Frasier fell silent. He looked down at the ground, then out over the fields.

“But when?” Charley said. “Why didn’t you tell me?” She stared at Frasier. He had an honest face, the kind you’d want to see if you were stranded along the roadside with a flat tire late at night. “Are you working for someone else? Because if it’s money, I don’t have much, but I’m sure we can work something out.” Without thinking, she touched her wedding ring again, a platinum band that had been pounded thin in back where the jeweler made it larger. Six angled prongs framed an enormous diamond that had belonged to Davis’s mother before it became her engagement ring.

“My brother-in-law pulled some strings,” Frasier said. “Got me a job on a rig.”

“Rig?”

“Oil rig,” Frasier said. “Out in the Gulf.”

Charley twisted her ring so that the diamond pressed into her palm. “But I just talked to you two weeks ago. You didn’t say anything about another job.”

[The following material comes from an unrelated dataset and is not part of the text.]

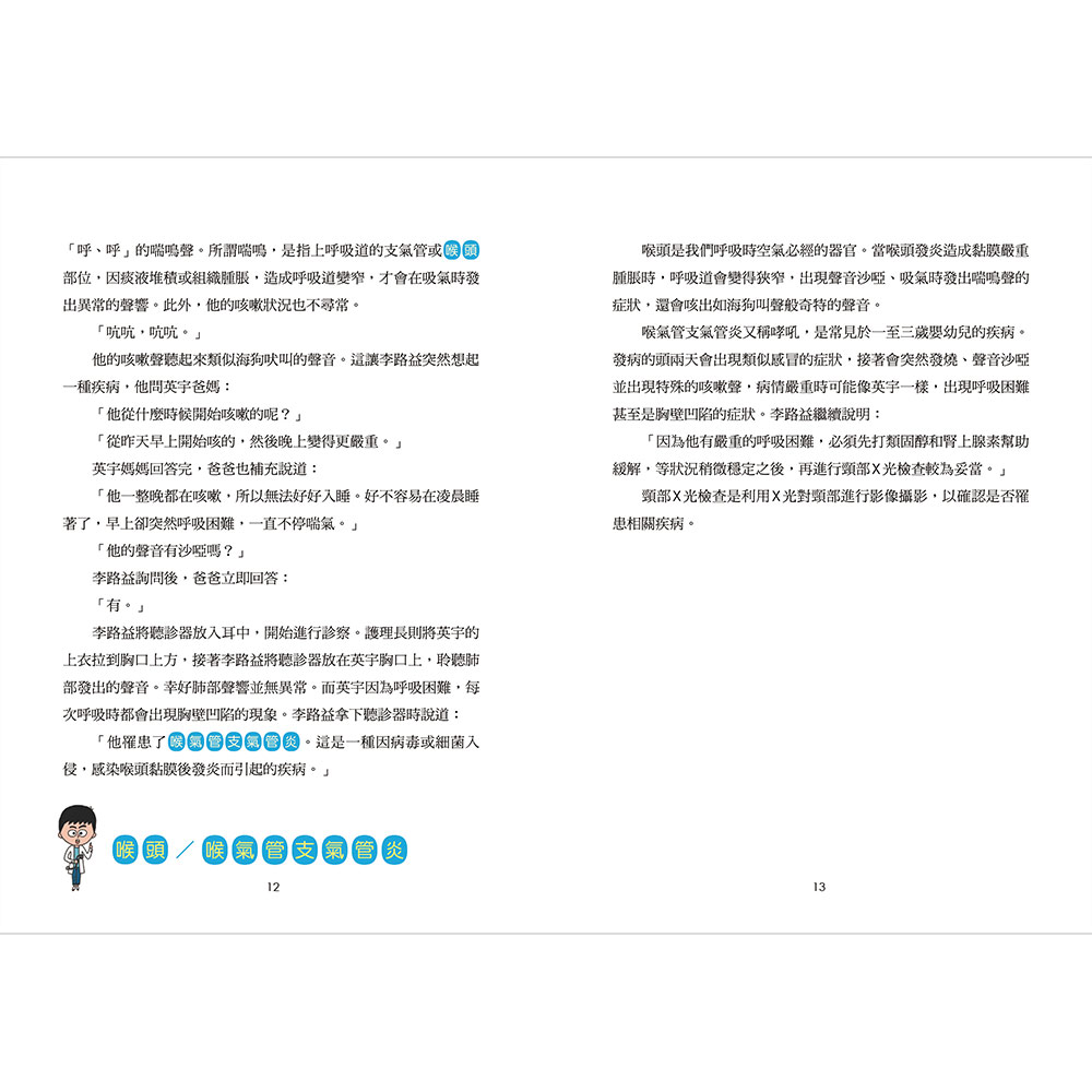 本集以耳鼻喉科疾病為主題,介紹喉氣管支氣管炎、顏面神經麻痺與中耳炎等常見疾病,並穿插變聲期、打鼾、噴霧治療器、耳鏡檢查等醫療與生活知識,建立完整的耳鼻喉保健知識。

“I know. I wanted to try it out first.”

“You’re kidding, right? This is a joke. We’re supposed to harvest this cane in October. We only have five months.”

Frasier batted at the closest cane plant, then ripped a withering leaf from the stalk. “I’ve been working cane since I was sixteen, Miss Bordelon. I’m shamed to admit it, but I don’t have a penny saved. If I bust a knee, what’ll I do? Couple years back, Mr. LeJeune took—”

“Who?”

“Mr. LeJeune. The man who owned this farm before your daddy. When he got too sick to run this place himself, his kids stepped in. But they weren’t really interested. They were off in New Orleans, riding on floats, going to balls, drinking Pimm’s Cups at the Columns Hotel.”

“I won’t be riding on floats,” Charley said. “And I’ve never heard of a Pimm’s Cup. Mr. Frasier, please.”

Frasier crumpled the cane leaf in his palm. “I had to beg ’em to plant enough cane last year and they hardly took care of the cane that was here. When LeJeune died, they scraped by until they sold. Your daddy convinced me we could bring this place back. But now he’s gone too.”

“But I’m here,” Charley said. “Give me a chance.”

Frasier shredded another cane leaf. “If I don’t do something now, I’ll run out of money before I run out of air. I don’t want to be greeting folks at Walmart when I’m sixty-five.”